Generally, the accepted approach in batei medrash throughout the ages has been to separate the subjects into two distinct areas of study. An average day of swimming through sugyos of kim lay bidrabah minay and chazakos does not naturally give rise to discussions of the exact nature of hashgachah or ways to overcome the trait of anger. Consequently, these two disciplines remain distinct and discrete.
Nonetheless, there have been a respectable number of talmiday chachamim of the highest quality who either explicitly or implicitly advocated a fusion of sorts between the disciplines. Recently, the world of Torah scholars has seen two of its leaders, the Rav and Rav Kook, propose different models for this endeavor. In short, while the Rav advocated the extracting of hashkafa from the halakhos and lomdus of the topic,iii Rav Kook saw halakha and hashkafa as two distinct and independent areas that after being fully developed should then be synthesized into a harmonious entity. I would like to examine and then demonstrate this unique feature of Rav Kook’s derekh halimmud.
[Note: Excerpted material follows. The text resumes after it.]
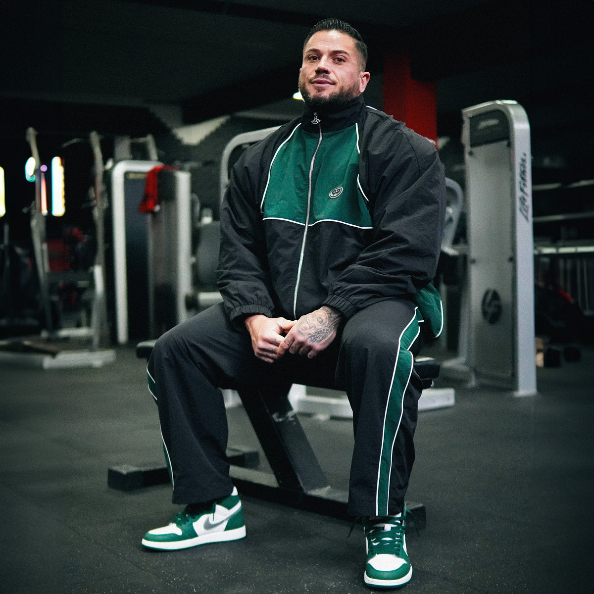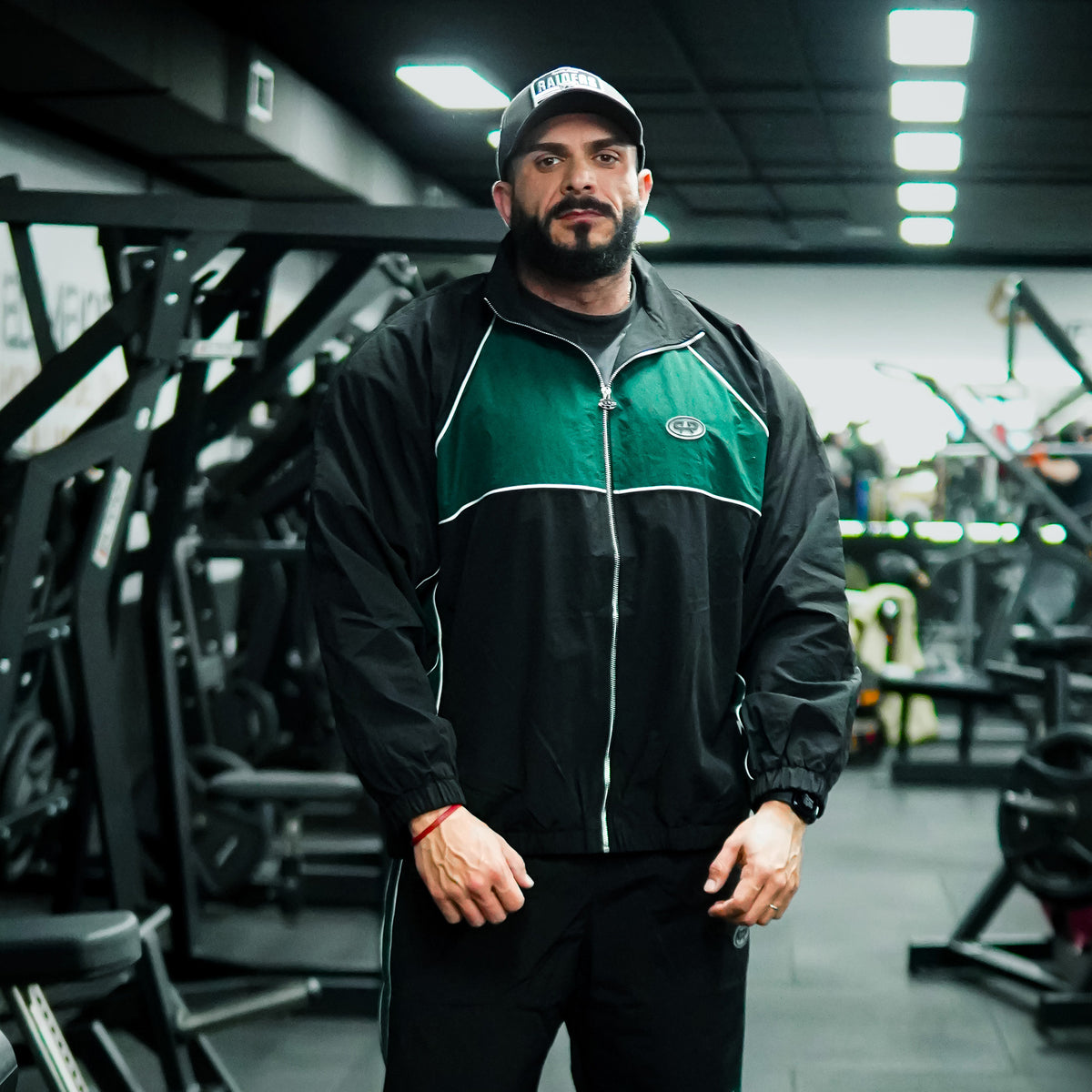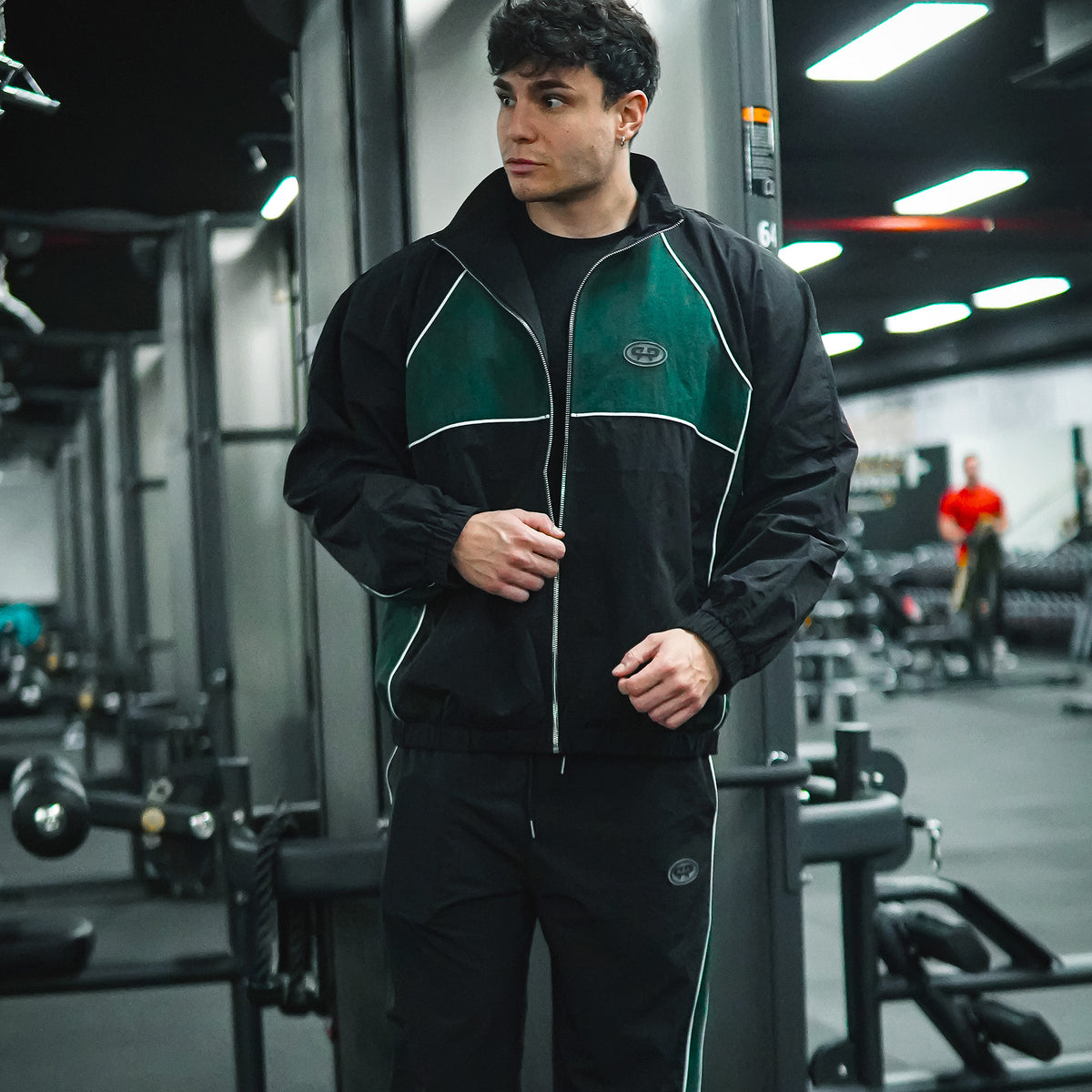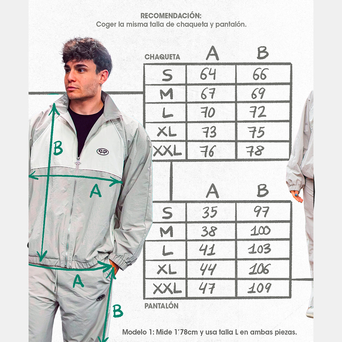 Retro style jacket made of high quality nylon. With a boxy-oversize style, this set offers a touch of elegance and comfort at the same time.

Though Rav Kook speaks of this idea in various places throughout his works, the most focused passage appears in Orot HaKodeshiv in the midst of a series of chapters describing our obligation and innate desire to unify different aspects of our avodas Hashem. One manifestation of this sweeping idea is the unity of halakha and aggadeta, a venture that will not only bear fruits in one’s learning and perception of Torah, but it will also positively reverberate in the world at large.v
In his work Ishim V’Shittos, R. Shlomo Yosef Zevin records a cogent example of this approach that he personally heard from Rav Kook.vi Rav Kook began his sicha by describing the essential difference between the states of war and peace; namely that the former is a temporary and fleeting state while the latter is eternal in nature. After elaborating on this distinction he flawlessly moves into the halakhic realm and points out that it can be used to resolve an anomaly about the kohen mashoo’ach milchamah. While there is normally a concept of yerushah for posts of stature (assuming that the son is “fitting to fill the place of his father”), the Gemaravii[1] derives from a pasuk that this is not the case by the kohen mashoo’ach. Rav Kook explained that since yerusha represents an eternal and continuous chain, it would be incongruous to apply it to a position that oversees an impermanent phenomenon such as war.